Meet the Other Phone. Flexible and made to last.

Meet the Other Phone.
Flexible and made to last.

Buy now

Please or to access all these features

AIBU?

Share your dilemmas and get honest opinions from other Mumsnetters.

To wish Blair a speedy comeuppance

147 replies

Yes2014 · 19/02/2014 18:10

I don't think IABU but prepared to be argued with. The man has no morality and I don't think he is a force for good in this world. The news today just adds to the pile of dodginess.

OP posts:
worldgonecrazy · 20/02/2014 08:59

*Yes2014 - I really feel he was the death of all hope for a decent, humane world, and the final triumph of a destructive ideology. Wanker!!
*

Absolutely. The Anti War demonstrations in February 2003 demonstrated the absolute contempt the Government have for the British people, and effectively dampened any hopes of living in a true democracy. The manipulation of the figures has been extremely crass. Organisers stated 3 million on the day in London alone.
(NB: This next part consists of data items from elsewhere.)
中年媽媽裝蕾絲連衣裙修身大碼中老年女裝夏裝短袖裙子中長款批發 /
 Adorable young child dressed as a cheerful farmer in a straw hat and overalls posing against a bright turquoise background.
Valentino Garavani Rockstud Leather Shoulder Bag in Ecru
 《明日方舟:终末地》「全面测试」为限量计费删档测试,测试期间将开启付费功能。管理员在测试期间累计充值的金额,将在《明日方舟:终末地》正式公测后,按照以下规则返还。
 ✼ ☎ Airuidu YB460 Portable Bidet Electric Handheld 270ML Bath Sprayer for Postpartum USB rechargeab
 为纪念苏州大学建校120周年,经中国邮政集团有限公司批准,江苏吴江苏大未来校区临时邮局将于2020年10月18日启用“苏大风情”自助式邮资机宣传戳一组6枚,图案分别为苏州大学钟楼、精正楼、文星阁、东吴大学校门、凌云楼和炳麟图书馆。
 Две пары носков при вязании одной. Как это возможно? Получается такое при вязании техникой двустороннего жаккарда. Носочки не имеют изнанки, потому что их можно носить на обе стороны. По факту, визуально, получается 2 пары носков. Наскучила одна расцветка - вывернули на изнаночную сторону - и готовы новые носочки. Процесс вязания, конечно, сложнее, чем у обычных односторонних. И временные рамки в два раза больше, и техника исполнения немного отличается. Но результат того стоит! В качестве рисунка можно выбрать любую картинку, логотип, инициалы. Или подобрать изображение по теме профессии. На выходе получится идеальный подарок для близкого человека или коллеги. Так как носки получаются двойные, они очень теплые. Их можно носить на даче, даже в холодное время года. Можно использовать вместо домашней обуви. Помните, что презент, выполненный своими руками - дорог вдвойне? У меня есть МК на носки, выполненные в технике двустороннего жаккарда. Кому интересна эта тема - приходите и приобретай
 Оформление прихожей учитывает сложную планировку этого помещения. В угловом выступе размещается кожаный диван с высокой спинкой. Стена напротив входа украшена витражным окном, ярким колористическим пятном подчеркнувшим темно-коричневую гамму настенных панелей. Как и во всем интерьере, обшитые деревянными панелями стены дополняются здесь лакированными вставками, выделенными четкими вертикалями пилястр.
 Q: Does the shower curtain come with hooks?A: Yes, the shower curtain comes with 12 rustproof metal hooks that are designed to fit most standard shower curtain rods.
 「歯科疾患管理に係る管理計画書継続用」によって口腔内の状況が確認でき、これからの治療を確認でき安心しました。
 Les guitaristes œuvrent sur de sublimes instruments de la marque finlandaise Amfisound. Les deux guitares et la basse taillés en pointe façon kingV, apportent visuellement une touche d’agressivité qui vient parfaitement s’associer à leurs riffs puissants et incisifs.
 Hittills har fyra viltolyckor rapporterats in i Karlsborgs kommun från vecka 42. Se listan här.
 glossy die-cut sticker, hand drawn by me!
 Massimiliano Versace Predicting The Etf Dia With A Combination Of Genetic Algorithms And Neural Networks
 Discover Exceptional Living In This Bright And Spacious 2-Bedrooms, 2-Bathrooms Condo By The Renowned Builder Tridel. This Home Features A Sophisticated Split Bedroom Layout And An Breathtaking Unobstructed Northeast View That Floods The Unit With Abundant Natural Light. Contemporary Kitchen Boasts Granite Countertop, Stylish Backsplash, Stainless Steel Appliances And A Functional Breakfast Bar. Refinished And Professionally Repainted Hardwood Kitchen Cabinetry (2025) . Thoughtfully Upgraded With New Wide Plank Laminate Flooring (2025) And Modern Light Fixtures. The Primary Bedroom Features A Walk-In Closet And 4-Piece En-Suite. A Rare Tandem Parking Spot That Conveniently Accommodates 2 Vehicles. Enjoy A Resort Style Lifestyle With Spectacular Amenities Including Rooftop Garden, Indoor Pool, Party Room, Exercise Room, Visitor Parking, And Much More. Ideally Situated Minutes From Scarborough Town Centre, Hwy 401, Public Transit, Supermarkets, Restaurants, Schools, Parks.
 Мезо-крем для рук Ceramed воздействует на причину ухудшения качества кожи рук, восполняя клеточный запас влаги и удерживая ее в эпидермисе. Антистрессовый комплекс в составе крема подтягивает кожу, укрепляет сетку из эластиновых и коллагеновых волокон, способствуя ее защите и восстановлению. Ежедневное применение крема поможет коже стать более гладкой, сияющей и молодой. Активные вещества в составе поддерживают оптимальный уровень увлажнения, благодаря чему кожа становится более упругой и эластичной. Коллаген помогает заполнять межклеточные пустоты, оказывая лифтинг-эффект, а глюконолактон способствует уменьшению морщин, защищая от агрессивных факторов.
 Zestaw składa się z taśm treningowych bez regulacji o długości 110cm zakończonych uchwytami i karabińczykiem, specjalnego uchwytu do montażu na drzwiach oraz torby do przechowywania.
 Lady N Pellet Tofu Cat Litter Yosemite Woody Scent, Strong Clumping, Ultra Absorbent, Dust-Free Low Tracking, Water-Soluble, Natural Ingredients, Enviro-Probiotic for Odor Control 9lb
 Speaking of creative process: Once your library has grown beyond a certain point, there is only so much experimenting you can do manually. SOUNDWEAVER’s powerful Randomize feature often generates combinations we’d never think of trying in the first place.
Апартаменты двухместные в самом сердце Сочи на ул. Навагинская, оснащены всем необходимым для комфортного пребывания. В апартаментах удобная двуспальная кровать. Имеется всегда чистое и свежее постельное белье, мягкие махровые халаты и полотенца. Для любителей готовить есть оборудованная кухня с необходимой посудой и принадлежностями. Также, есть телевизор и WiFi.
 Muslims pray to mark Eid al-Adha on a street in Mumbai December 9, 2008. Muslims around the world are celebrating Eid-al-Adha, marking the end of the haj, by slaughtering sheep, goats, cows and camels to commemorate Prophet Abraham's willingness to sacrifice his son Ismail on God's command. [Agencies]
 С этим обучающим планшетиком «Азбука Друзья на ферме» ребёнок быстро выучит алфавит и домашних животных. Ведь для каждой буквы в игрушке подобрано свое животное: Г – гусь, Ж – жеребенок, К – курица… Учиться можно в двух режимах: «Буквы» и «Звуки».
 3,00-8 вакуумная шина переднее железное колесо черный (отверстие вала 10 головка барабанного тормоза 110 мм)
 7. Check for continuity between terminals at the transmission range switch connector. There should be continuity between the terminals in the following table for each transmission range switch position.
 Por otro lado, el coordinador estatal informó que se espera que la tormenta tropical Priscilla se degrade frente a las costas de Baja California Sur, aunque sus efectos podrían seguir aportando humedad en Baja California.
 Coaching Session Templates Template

Police figures on the day were not that high, but certainly a lot higher than the 750,000 now stated. My parents were there, near the back of the demonstration, and were still over a mile from Hyde Park, with all the streets absolutely rammed with people, so many it was impossible to walk at more than a shuffle. That's a huge area, I can't do the maths, but it would take a lot of people to fill up that amount of space.

Each time the protest is reported it seems the figures get massaged down a little - in a couple of centuries it will probably be said that 2 men and a dog turned up to protest the Iraq War.

The idea of protestors as unemployed, shambolic, anarchic, so popular in the media after the poll-tax riots, was destroyed. But by ignoring the voices of millions of ordinary people, who ended up feeling disempowered and disenfranchised, the Government put a nail in the coffin of democracy. I feel it was one of the darkest days for our country.

And we wonder why people don't bother voting....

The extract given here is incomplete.